Ma certe volte non occorre l’intervento armato?
Prendiamo ad esempio Bonhoeffer, grande teologo sostenitore della scelta di
pace dei cristiani ma risoluto nel preparare l’attentato, poi fallito, a
Hitler. Oppure l’appello di Alex Langer per porre fine alle stragi nell’ex
Jugoslavia o l’esempio attuale delle donne curde che lottano in armi contro
l’esercito dell’Isis…
«Non voglio rispondere in modo presuntuoso, perché
non mi sono mai trovato in una situazione estrema di grave pericolo, ma ricordo
quanto ha detto il vescovo ausiliare di Sarajevo, mons Pero Sudar: “Riconosco
di essere stato convinto anch’io che l’uso della violenza sia utile e
necessario quando si tratta della libertà dei popoli. Dopo aver visto e vissuto
da vicino che cosa vuol dire la guerra di oggi, non la penso più così. Sono
profondamente convinto, e lo potrei provare, che l’uso della violenza ha
portato sempre un peggioramento.”
Ad ogni modo leggendo il tempo attuale, un
intervento, al limite, deve essere portato avanti da una autorità
internazionale, legittima come avviene
quando si chiama la polizia nelle nostre città e non si affida il
ristabilimento dell’ordine chiamando un clan contro l’altro. Il problema è che
l’Onu viene sistematicamente screditata a vantaggio della Nato che è
l’espressione di alcuni stati contro altri e non rappresenta per niente la
comunità internazionale. La Nato andrebbe perciò smantellata a favore di
un’organizzazione come le Nazioni unite che è invece continuamente screditata,
oltre che ‘bloccata’ dalle potenze che hanno il diritto di veto, e che sono
anche le maggior esportatrici di armi».
Resta tuttavia l’esigenza dell’intervento armato in
certi casi…
«Non voglio sminuire la follia dell’Isis, credo sia
legittimo assimilarlo al nazismo, penso allo strazio attuale delle donne yazide
che ho avuto modo di incontrare nel 2009 in Iraq, ma il primo passo da compiere
in questi mesi sarebbe stato coerentemente quello di non vendergli le armi, le
automobili e smettere di comprare il petrolio. Non è certo in questo modo che
si combatte il terrorismo islamista, se non a parole ed evocando una guerra che
copre altri interessi».
Sembrano però accuse generiche …
«Niente affatto. Ad esempio la rivista Mosaico di
Pace (promossa da Pax Christi) ha denunciato il coinvolgimento in questi
traffici della vendita di armi Italiane all’Arabia Saudita e i nostri interessi
ad es. anche con il Qatar che tuttavia è intoccabile per i troppi interessi
economici che smuove anche nel nostro Paese. Pensando anche allo sfruttamento
dei lavoratori per i mondiali di calcio del 2022 io chiedo di boicottare i
Mondiali di calcio in Qatar, è uno strumento di pressione politica possibile e
fattibile da parte della società civile».
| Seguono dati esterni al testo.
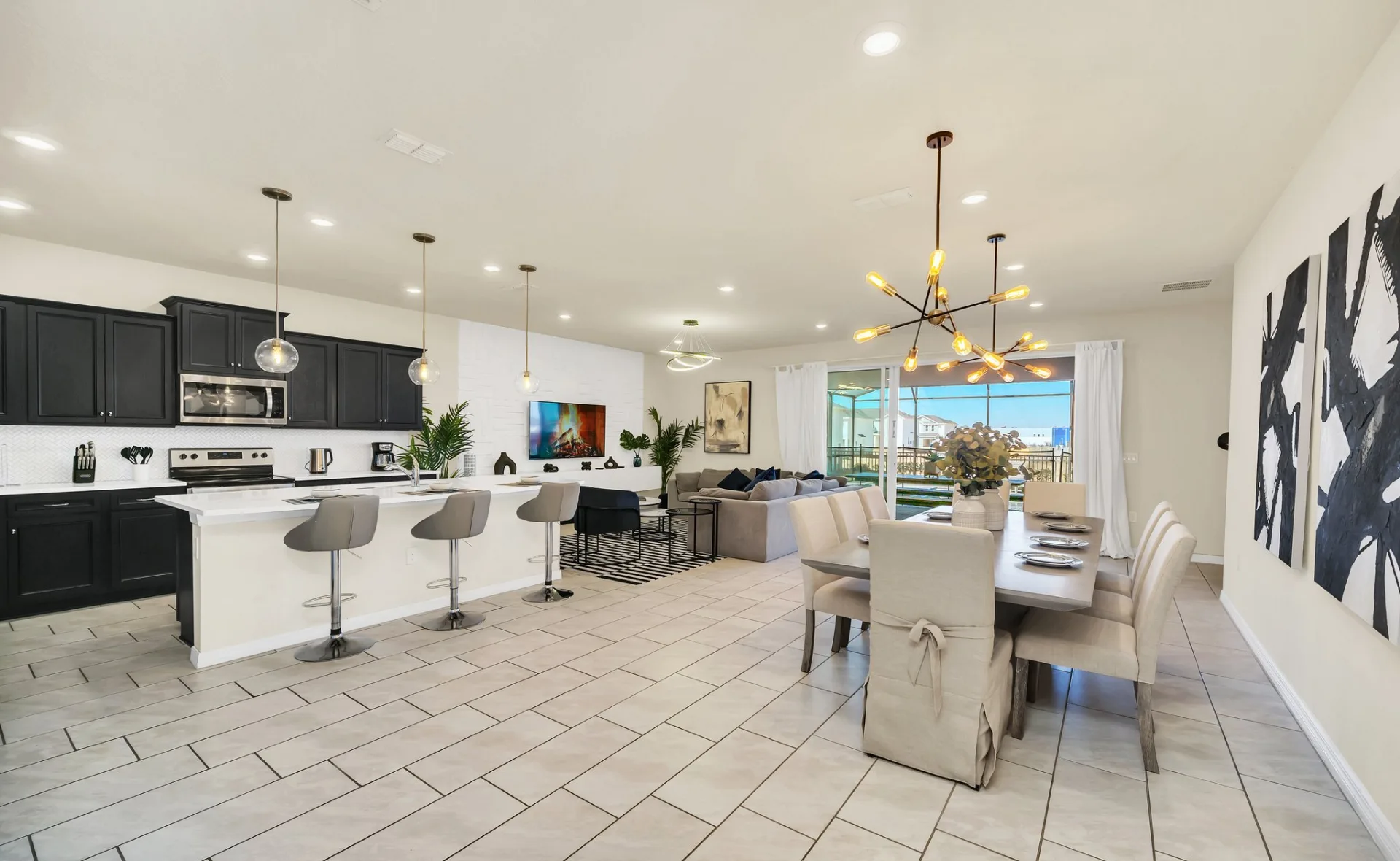 This 10-bedroom luxury villa in the gated Windsor Island Resort is designed for large families and groups, offering the perfect blend of comfort and entertainment. The spacious home includes a fully equipped kitchen with granite countertops, stainless steel appliances, a breakfast island, and a formal dining area ideal for shared meals. Guests can unwind in the open living spaces, enjoy movie nights in the private theater, or have fun in the Harry Potter–themed game room with a pool table and arcade games, as well as an upstairs loft featuring foosball, air hockey, and more. Outside, the screened-in pool area offers sun loungers, patio seating, and a child safety fence—perfect for soaking up the Florida sunshine. With themed bedrooms, multiple king and queen suites, and plenty of twin rooms for the kids, this elegant getaway ensures everyone feels right at home.
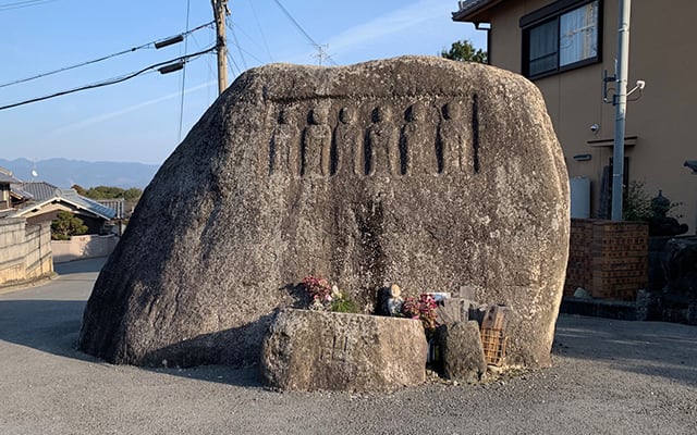 古代から中世にかけて、川の出水により、度々災害が発生し、伝承によれば、六地蔵が彫られた大きな石も、室町時代の土石流で、いまの場所に流れ着いたと言われています。極楽浄土を願った村人たち信仰の証でもあります。
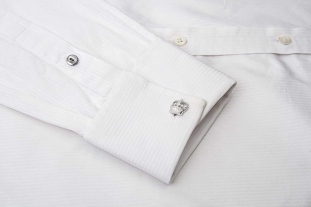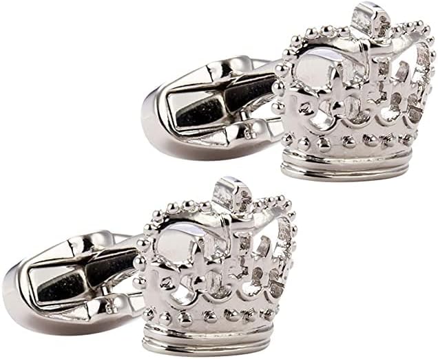The cufflinks feature a royal crown shape in sleek silver, exuding a sense of authority and nobility. Their minimalist yet distinctive design ensures they complement various shirt styles and colors, making them a versatile accessory for any wardrobe.
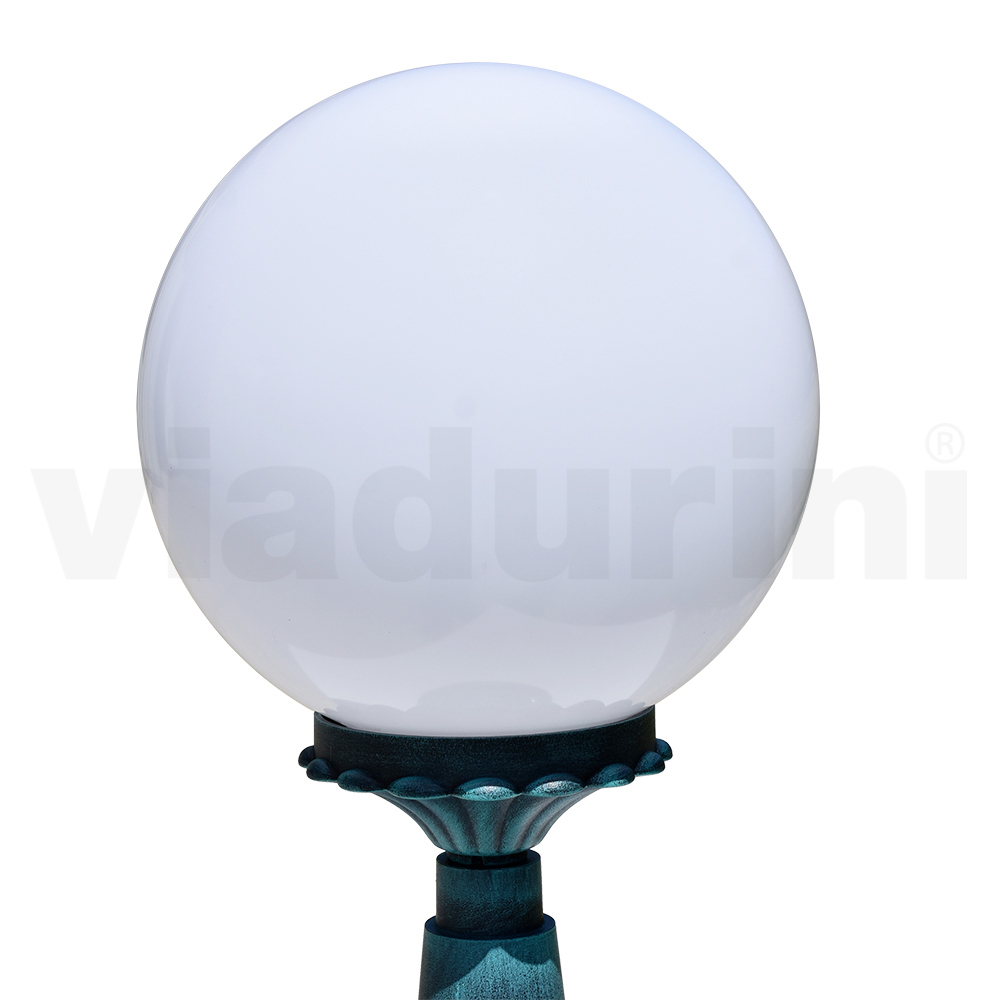مصباح حديقة مصنوع من هيكل من الألومنيوم المصبوب وموزع كروي من الأكريليك الأوبال ، صنع بالكامل في إيطاليا.
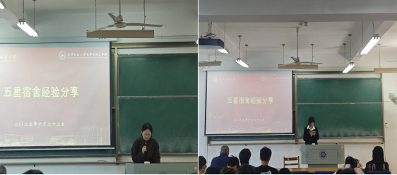 6A622、6A522宿舍的两位五星宿舍寝室长结合各自管理经验带来“可复制、能落地”的分享,为现场宿舍长提供参考思路。 两位寝室长从“安全管理、卫生维护、文化建设”三个维度展开,提出“固定轮值+弹性调整+每日自查”模式,创新“文化建设+安全宣传”结合的方式,既增进室友感情,又强化安全意识。
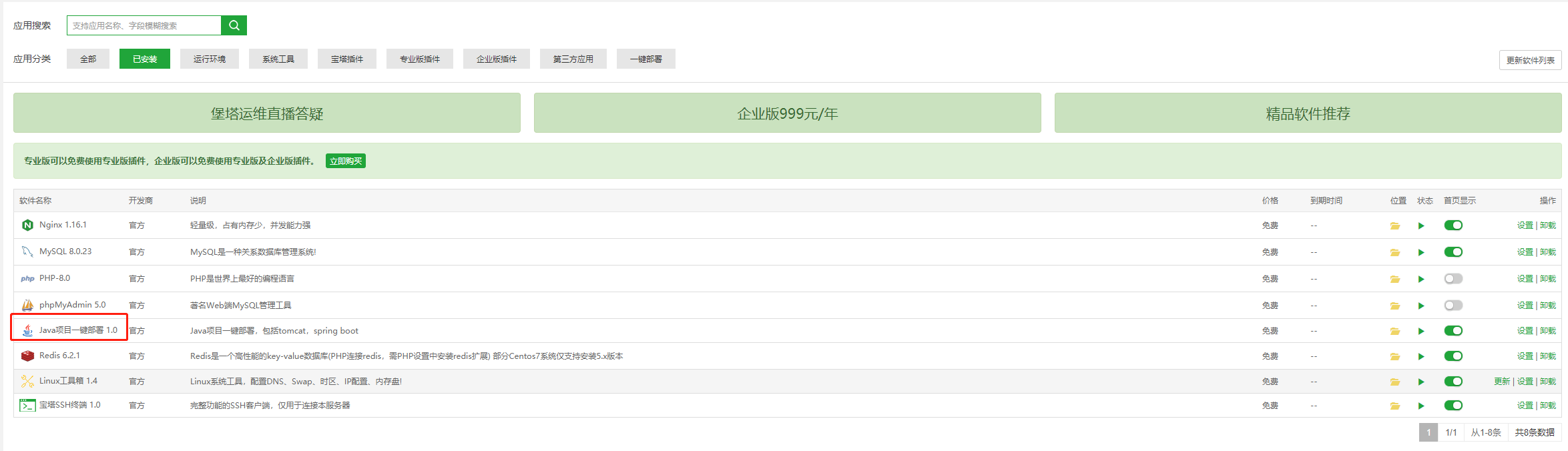 之后来到应用市场,安装java项目一键部署。
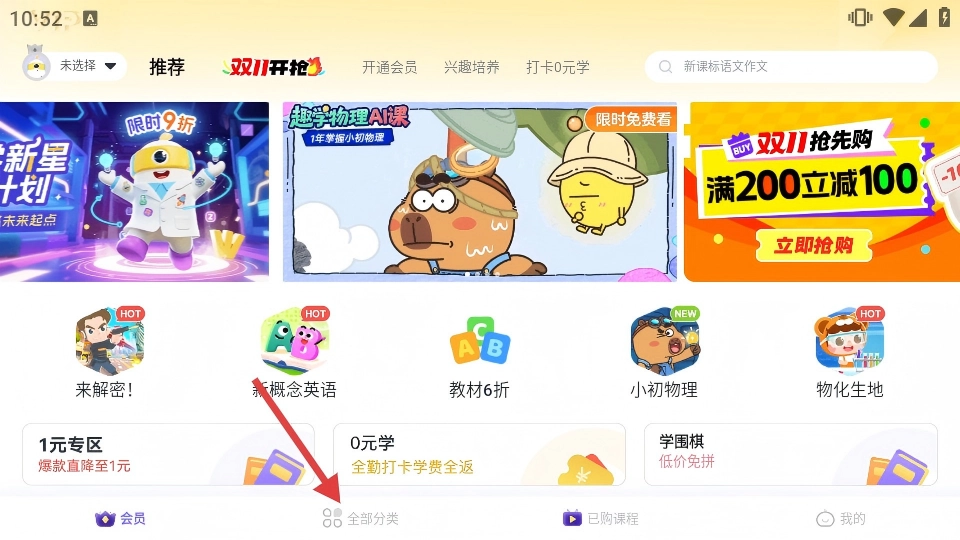 点击底部的【全部分类】按钮,就能进入课程分类页面,在那里可以查看思维训练、英语启蒙等不同类别的课程分类。

Rimane tuttavia aperta la questione di come
intervenire di fronte alla violenza estrema. Al mistero del male che esiste. Il
dilemma affrontato ad esempio nella Resistenza dai “ribelli per amore”, i
partigiani cristiani che usarono le armi con un senso del limite sempre
incerto. Così se oggi sono costretto ad intervenire in maniera tale da non fare
troppi danni, non posso armarmi all’ultimo momento, ma devo investire in
tecnologia per gli armamenti. Che fare?
«Non posso certo ignorare i casi strazianti di
violazione dei diritti umani, abbiamo citato le minoranze perseguitate in Medio
Oriente ma penso alla situazione del Burundi, eccetera. Credo tuttavia che al
male, che resta con il suo mistero, non si risponda con altro male. “Occhio per
occhio si resta tutti ciechi”. Non si affronta il problema investendo in
armamenti ma non alimentando il fuoco già acceso. Credo che sia necessario bloccare l’economia
che sostiene il sistema delle armi, dalle banche alla tecnologia».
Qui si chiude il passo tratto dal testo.